The XYZ’s of BYOD

Posted February 20, 2015

Most of the considerable attention given to the BYOD (Bring Your Own Device) trend is focused on management and sales professionals who use their mobile computers for messaging and to access spreadsheets, documents and other mainstream applications. The BYOD value proposition and strategy considerations are quite different for workers who depend heavily on their devices for job-specific tasks and workflows like field service, inspection, delivery and other activities that may be completed miles from the home office. This white paper identifies BYOD considerations that are specific to these “device-dependent” mobile workers so enterprises can accurately assess the true costs and strategic value of BYOD in those environments. It will specifically address BYOD program implications for:

  • The devices themselves
  • Mobile device software and the developers who create and maintain it
  • The mobile workers who depend on devices to complete their core job tasks
  • The IT staffers that support them

BYOD is an appealing concept for workers and enterprise management alike, but the true value of BYOD programs comes down to how well the details are thought through and managed.

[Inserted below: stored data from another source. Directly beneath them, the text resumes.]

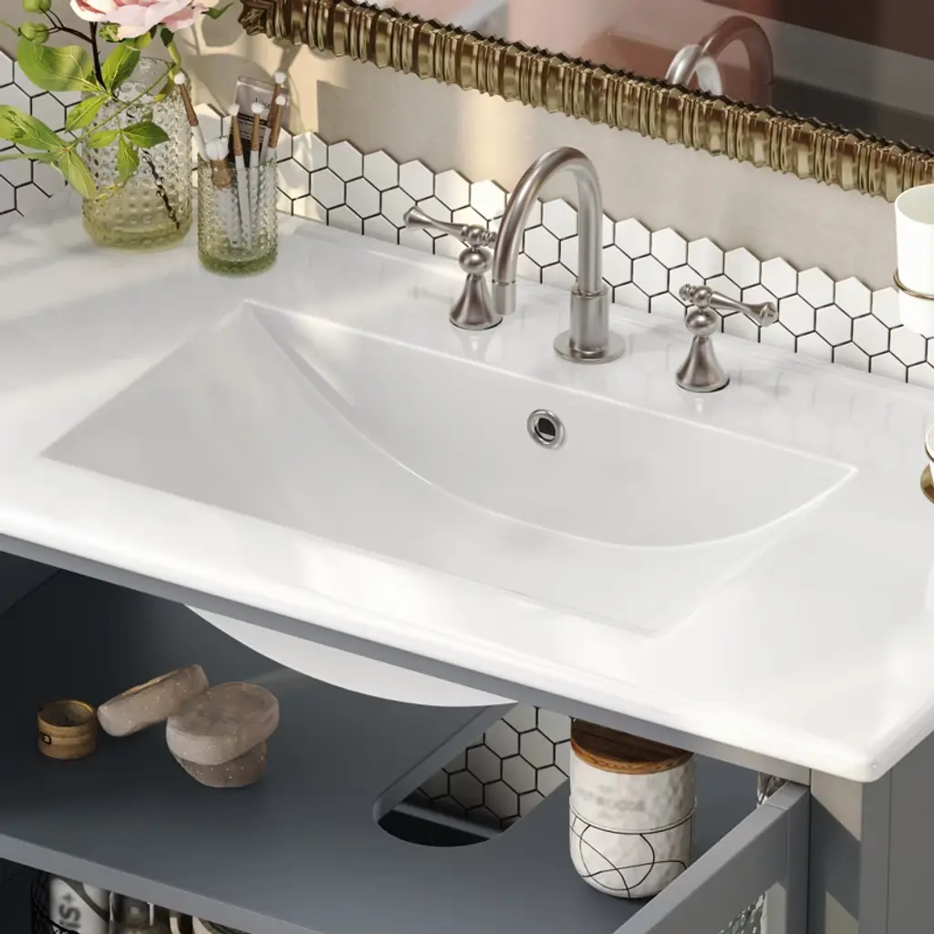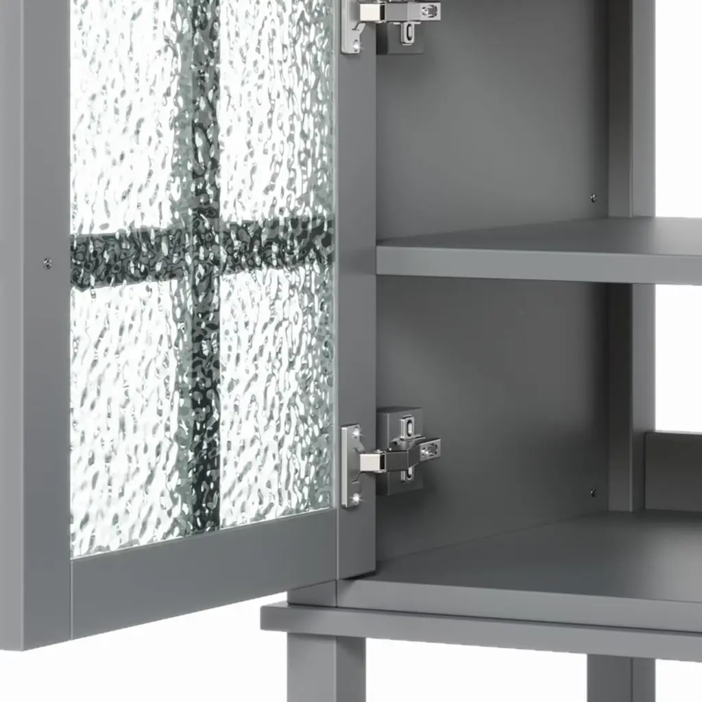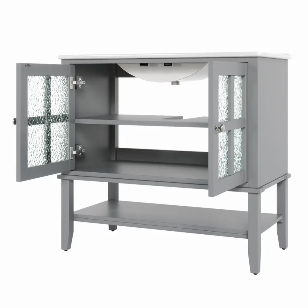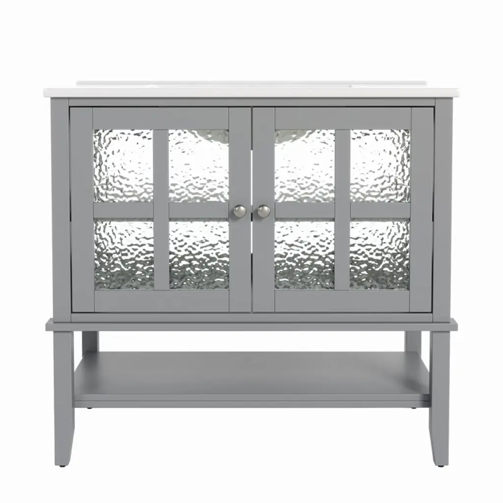 Elevate your bathroom space with this elegant 36" Bathroom Vanity featuring a seamless ceramic sink. Crafted for durability, the solid wood and MDF construction, along with its stylish gray waterproof painted finish, guarantees that this vanity remains untouched by humidity. Offering practical features such as an adjustable shelf and open storage space, it combines functionality with aesthetic appeal. The exquisite details of textured glass doors, silver metal knobs, and soft-close hinges add a touch of luxury to your decor. Perfect for any modern or classic setting, this versatile vanity provides both style and substance for your everyday needs.
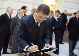Catalá firma en el libro de condolencias en la capilla ardiente de Maza - POOL
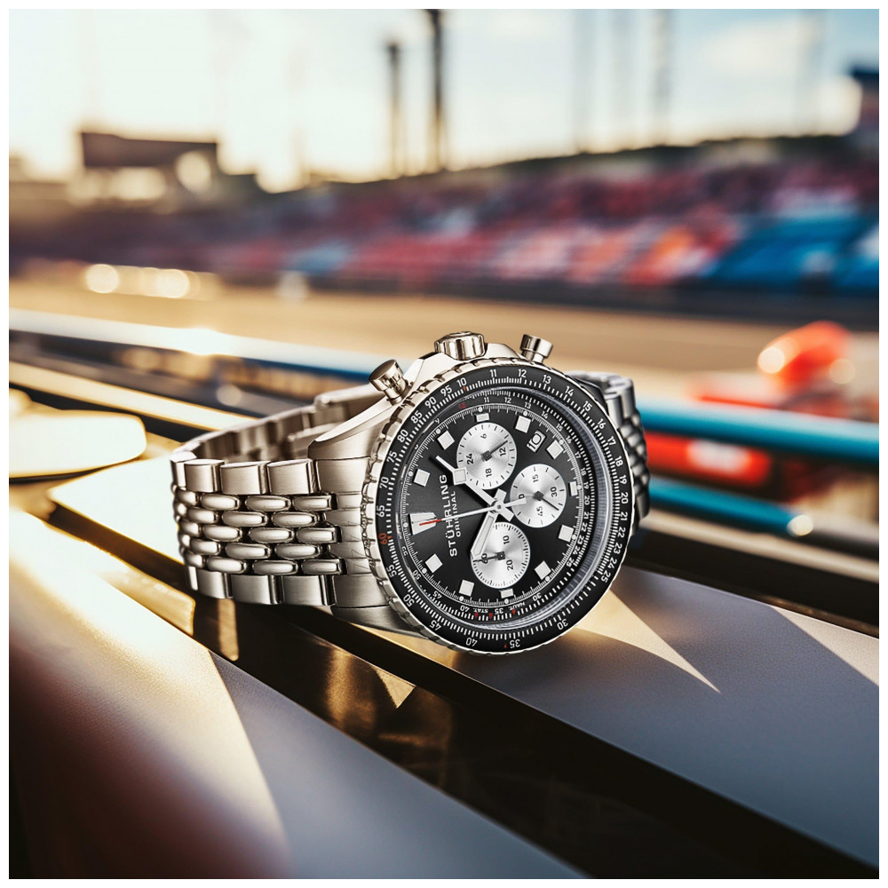 O Relgio crongrafo RaceWay 1010 44mm da Stuhrling a escolha perfeita para quem busca um relgio elegante e funcional. Com um movimento crongrafo japons de alta preciso, este relgio ideal para medir o tempo com exatido. Alm disso, a pulseira de contas de ao inoxidvel de alta qualidade adiciona um toque de sofisticao ao seu visual. Com trs submostradores altamente funcionais e uma janela de exibio de data, este relgio nunca o deixar perder o ritmo. A escala taquimtrica habilmente projetada ao redor da moldura permite medir a velocidade em uma distncia conhecida, enquanto a moldura giratria bidirecional adiciona uma camada extra de funcionalidade. Com a luminosidade japonesa de alta qualidade, voc desfrutar de luminosidade superior em iluminao fraca, garantindo que nunca se perca no tempo. Com um design elegante e resistente em preto mate, o Relgio crongrafo RaceWay 1010 44mm um acessrio indispensvel para o homem moderno.
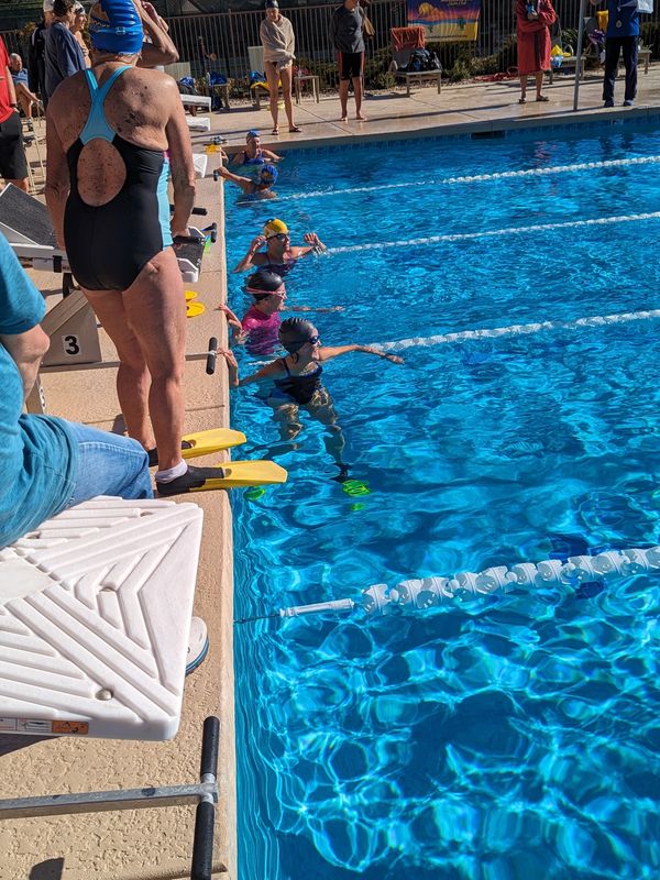 What a fantastic day at our own DesertView Pool! We had great weather, twenty-eight enthusiastic swimmers and a bunch of cheerful and hard-working volunteers - all coming together to celebrate swimming in honor of the memory of Glen Peterson.
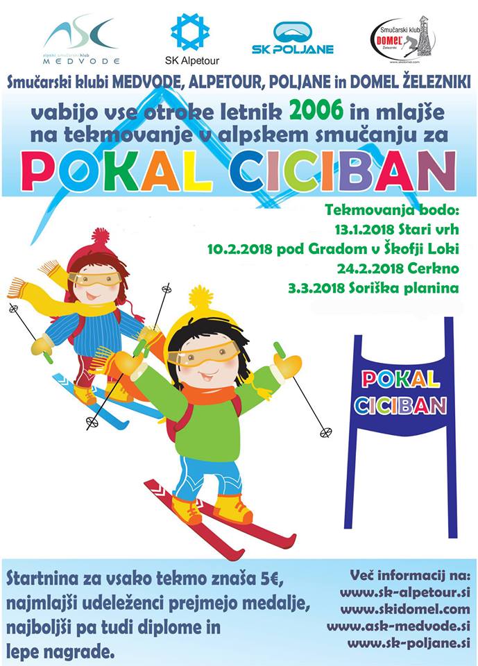Prvo tekmo za Pokal Ciciban so organizirali člani SK Alpetour. Ker na smučišču Stari vrh ni dovolj snega, so tekmo prestavili na Soriško planino. Najmlajši smučarji Alpske šole in cicibani našega kluba so dosegli zelo dobre oziroma odlične rezultate :-)
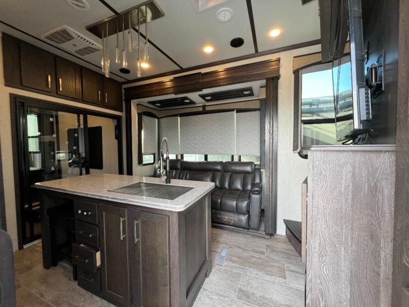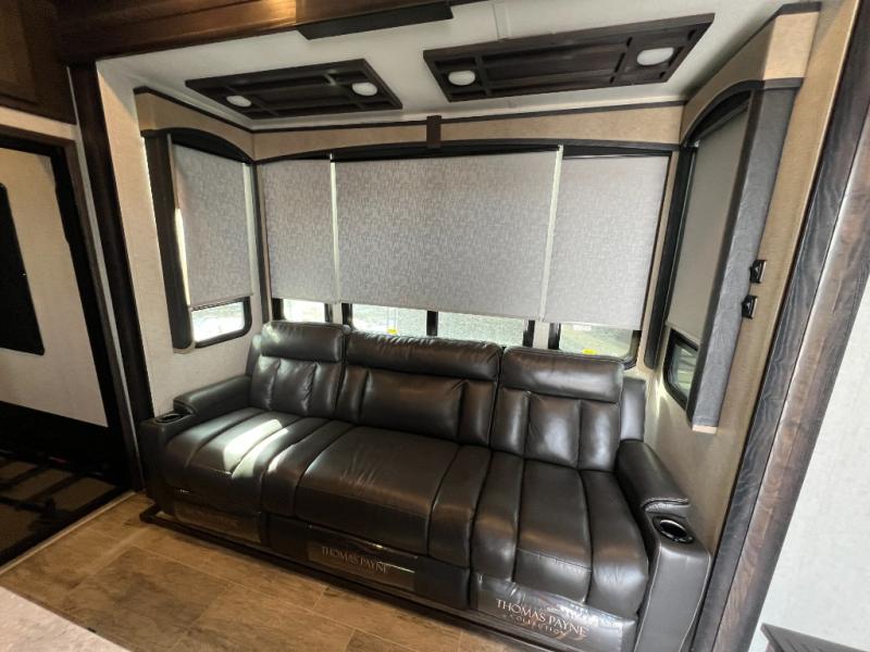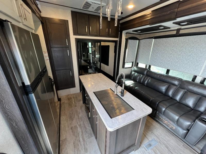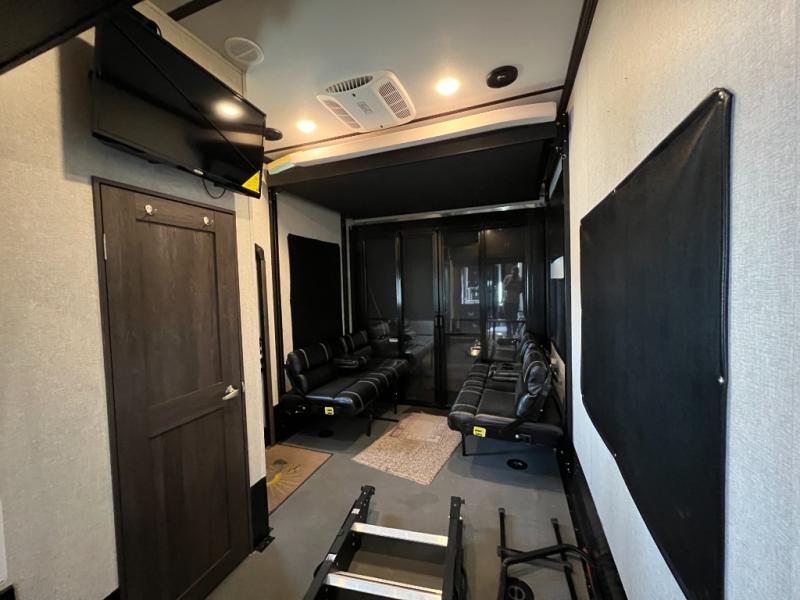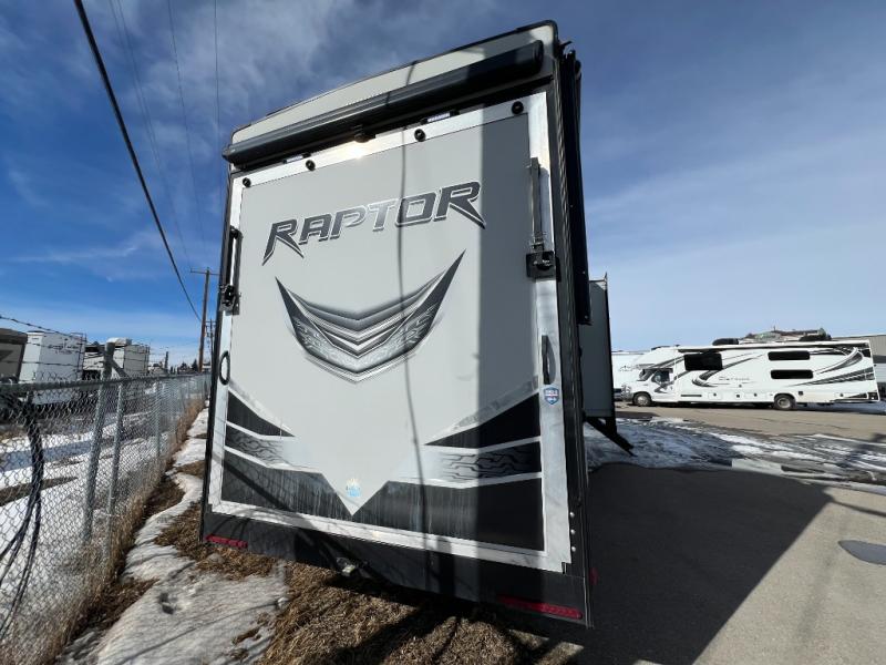 Taking a trip in this Raptor toy hauler gives you the sense that you are traveling in a palace on wheels. Every inch of this model has been beautifully customized and redesigned to make every experience a luxury. Whether you are lounging in the reclining furniture with heat and massage capabilities or baking a cake in the kitchen on top of the LED-infused countertops, this unit will wow you at every turn. The king-size suite provides a private entrance into the full bathroom, and the 13' separate garage houses the other half bathroom. After an evening of movies on the 50" LED HDTV, you will enjoy getting some fresh air outside underneath the 12' and 16' electric awnings with LED lights.

Not all devices are created equal, so allowing BYOD necessitates making some tradeoffs that can sacrifice performance to accommodate user preference. There are more of these tradeoffs than most people realize, especially when devices are used by workers who perform specialized tasks.

User Considerations

Improving worker satisfaction and morale is one of the strongest drivers that lead enterprises to introduce BYOD. The thinking goes that happier workers are more productive. However in field service and other specialized operations, productivity is highly dependent on the workflow. Companies go to great lengths to develop, document and train on the procedures that promote maximum productivity while ensuring that safety, regulatory and customer service requirements are met. Enterprise mobile device and application investments are typically guided by finding the optimal hardware-software combination that enables the most efficient and productive workflows. These efforts and investments can be undermined if employees choose devices that are inefficient at meeting basic requirements, such as data entry by bar code scanning.

Feature Support

Personal devices tend to excel when used as phones or for playing media (videos, music, etc.). Conversely, enterprises prefer to equip their mobile workers with devices that are more rugged, “purpose built” and are designed for specific tasks that are highly repetitive in multiple environmental conditions all in the course of a day’s work. These repetitive tasks include workflows like advanced data capture, signature capture and directing a mobile printer, and can be in a variety of varying environments with unique challenges. This comparison of use cases and requirements can presents a fundamental conflict between worker and enterprise needs. Here are several points to consider when evaluating whether a BYOD environment can support efficient work processes:

  • Do workers need to read bar codes? – If bar code scanning is part of the work process, how quickly can the user device read a bar code? Using a camera phone to take a picture of the bar code for processing is slower than using a commercial imager with native bar code support. Imagers are also much more tolerant of poor quality bar code symbols. If the device produces frequent nonreads or is slow to respond, users will become easily frustrated and resort to data entry by keypad, which is significantly slower and highly prone to errors.
  • Is electronic signature capture possible? Many enterprises require employees to get an electronic signature from the customer to approve sales or work orders and to expedite the billing cycle. Mobile devices therefore need to be able to capture stylus input, and critically must be rugged enough so the screen doesn’t become damaged after repeated signings on the same area.
  • Does the handheld device interact with mobile printers or other peripherals? It takes more than a Bluetooth connection to make a handheld computer or smartphone compatible with a mobile printer. Native drivers, bar code and graphics support and other features all play a role in how quickly invoices, receipts, work orders, reports and other documentation are printed. There are similar considerations for cameras and imagers, RFID readers, sensors and other peripherals.
  • Is the screen appropriate for lighting conditions? Mobile workers may need to fill out a screen-based inspection report in a dark crawlspace at an odd angle at one job site, and in bright sunlight at another. In these conditions it is important to have a transreflective display or other features that automatically adjust screen brightness to the conditions.
  • Does the workflow involve the use of paper forms? Some enterprise mobile computers have integrated imagers and embedded image processing software that essentially enable them to function as flatbed document scanners. Mobile workers can take pictures of the forms used in the field and the form data can be automatically extracted and processed, which eliminates the need for manual data entry back at the office or depot. The digital cameras built into consumer-grade devices do not have these capabilities, and thus automated form data entry is impossible.
  • Will batteries last the full shift? Scanning and imaging, data collection and processing, wireless voice and data communication and other enterprise mobile computing activities all draw power from the device battery. When devices that were designed primarily for talk and texting are used for data collection and enterprise mobility tasks their battery life may degrade considerably. Enterprise-class mobile devices typically have higher capacity batteries than consumer-grade mobile devices. It is important to determine if battery life can last the length of the shift and if daily workflows allow time to recharge batteries without affecting productivity.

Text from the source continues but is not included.